Intgrads subclassed models

[gipster]

Support for tensorflow and keras models with no explicit inputs (subclassed models).

In the present code base, tensor inputs are converted to lists at explain time in order to handle models with multiple inputs. If a model has a single input, the tensor input will be converted to a list with one element.

List input are handled well by models with an explicit input layer (functional and sequential models). When no explicit input layer is present (in subclassed models), the input must be in the format expected by the the first layer.

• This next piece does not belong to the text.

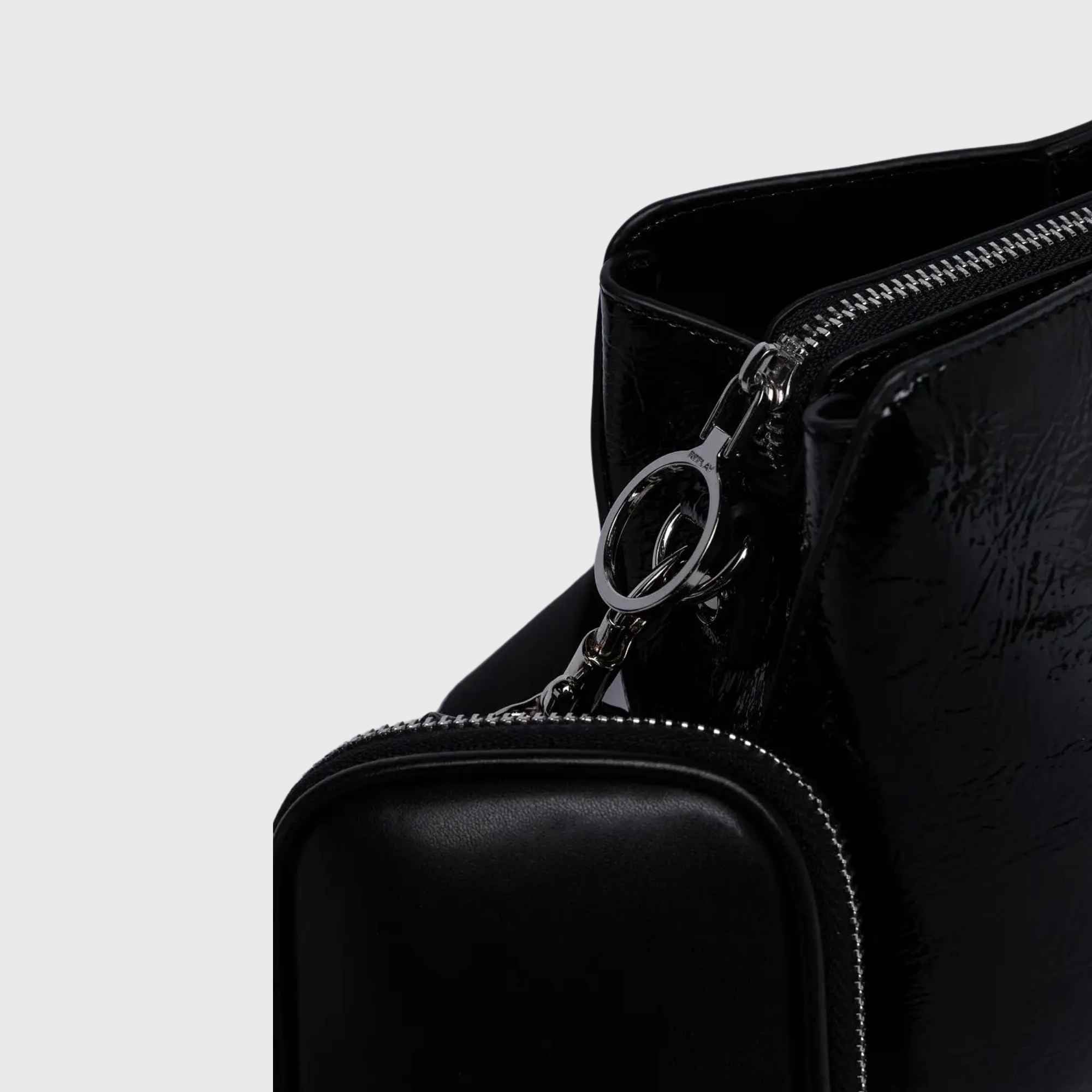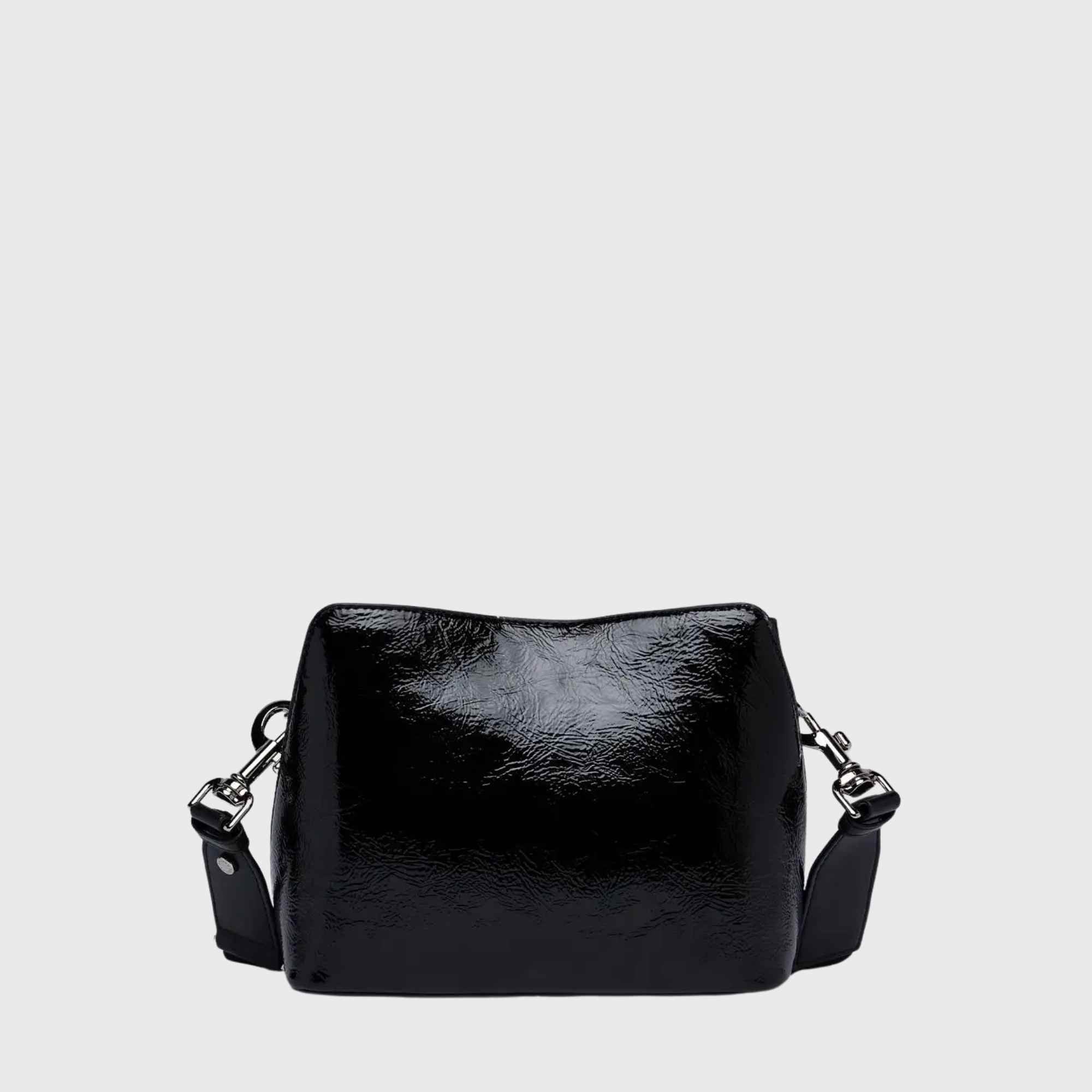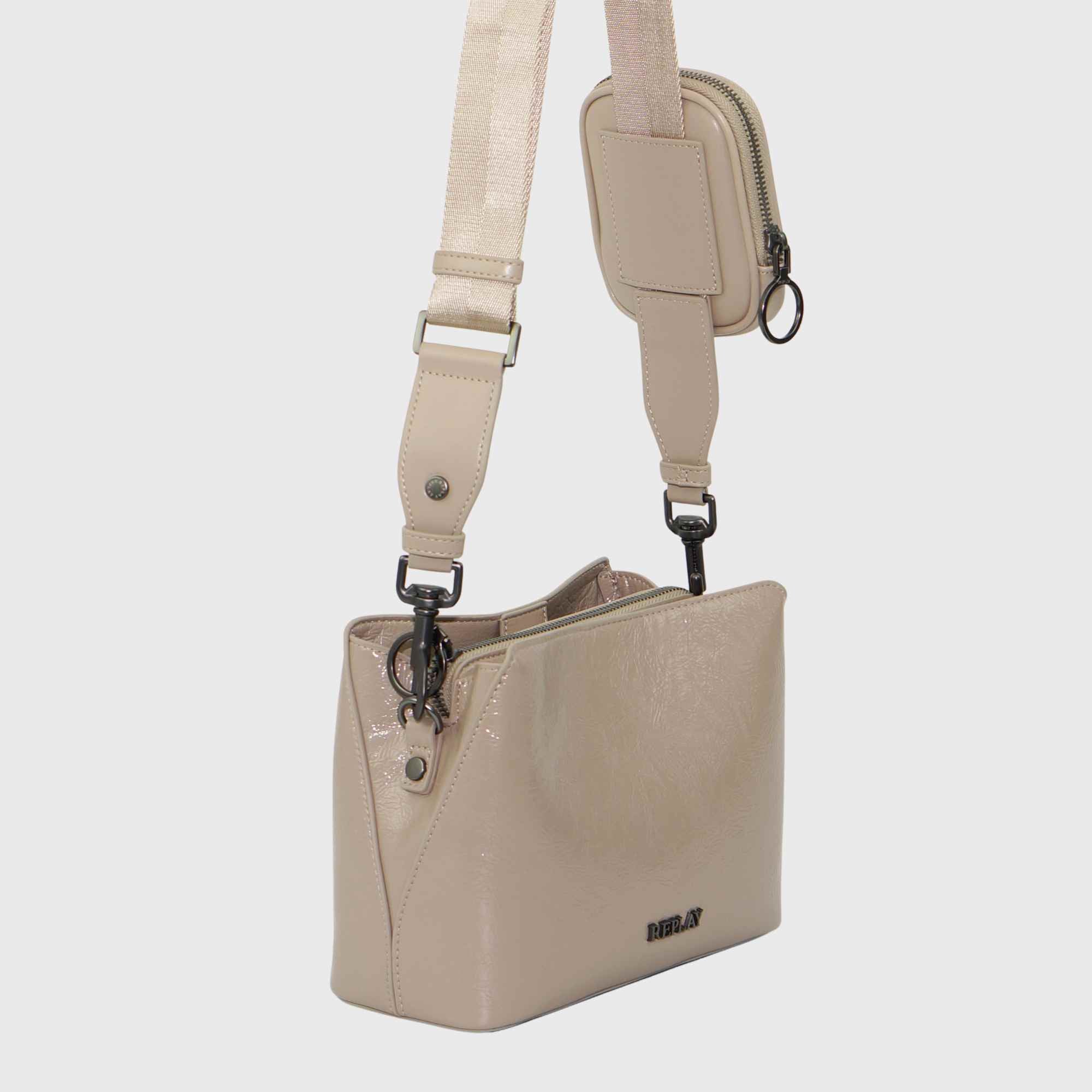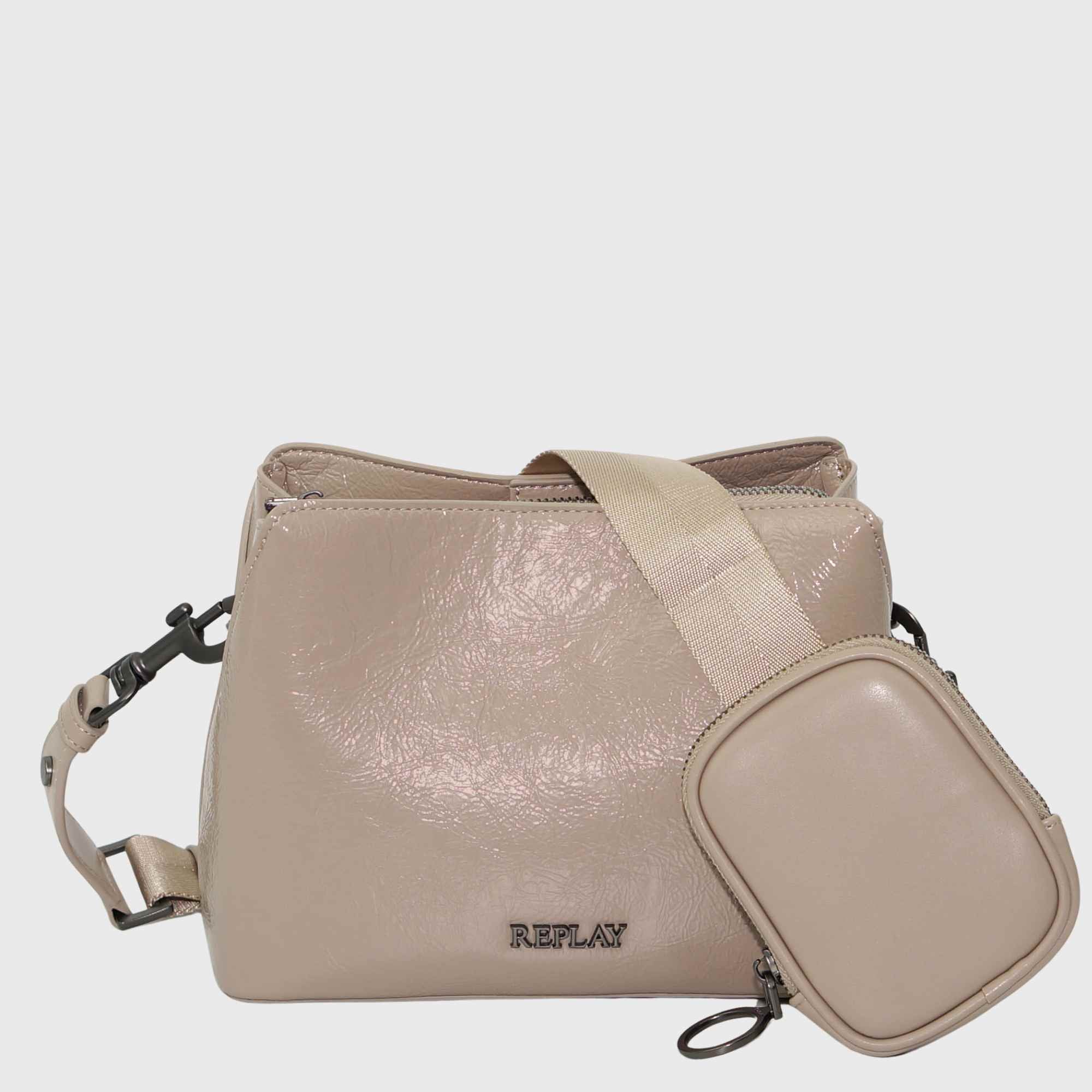 Unifarbene Mini-Tasche aus weichem, recyceltem PU in Lackoptik, einem nachhaltigen Material für eine umweltfreundliche Wahl. Das Modell mit Reißverschluss hat einen praktischen, passenden, durch Karabinerhaken abnehmbaren Schultergurt und einen passenden Geldbeutel mit Reißverschluss, der ebenfalls durch Karabinerhaken abnehmbar ist. Der Replay-Schriftzug in Reliefoptik auf der Vorderseite vervollständigt das Accessoire.

In order to support subclassed models, in this pull request

• The attributions are calculate with two different functions _calculate_attributions_list_input and _calculate_attributions_tensor_input for list inputs and tensor inputs, respectively.
• For subclassed models with no explicit input, the inputs types and the output shapes of the models, which are needed to calculate the attributions, are inferred at explain time with a single mock call of the model.

[codecov]

Codecov Report

Merging #362 (e0a6b28) into master (9a0ac31) will increase coverage by 0.01%.
The diff coverage is 87.55%.

@@            Coverage Diff             @@
##           master     #362      +/-   ##
==========================================
+ Coverage   87.72%   87.74%   +0.01%     
==========================================
  Files          56       56              
  Lines        7217     7390     +173     
==========================================
+ Hits         6331     6484     +153     
- Misses        886      906      +20     

Impacted Files	Coverage Δ
alibi/explainers/integrated_gradients.py	88.54% <84.40%> (-1.07%)	⬇️
...libi/explainers/tests/test_integrated_gradients.py	95.66% <90.51%> (-3.72%)	⬇️

[loukasilias]

n_steps = 100
method = "gausslegendre"
internal_batch_size = 768
nb_samples = 10
ig  = IntegratedGradients(model,
                          layer=model.bert_model,
                          n_steps=n_steps,
                          method=method,
                          internal_batch_size=internal_batch_size)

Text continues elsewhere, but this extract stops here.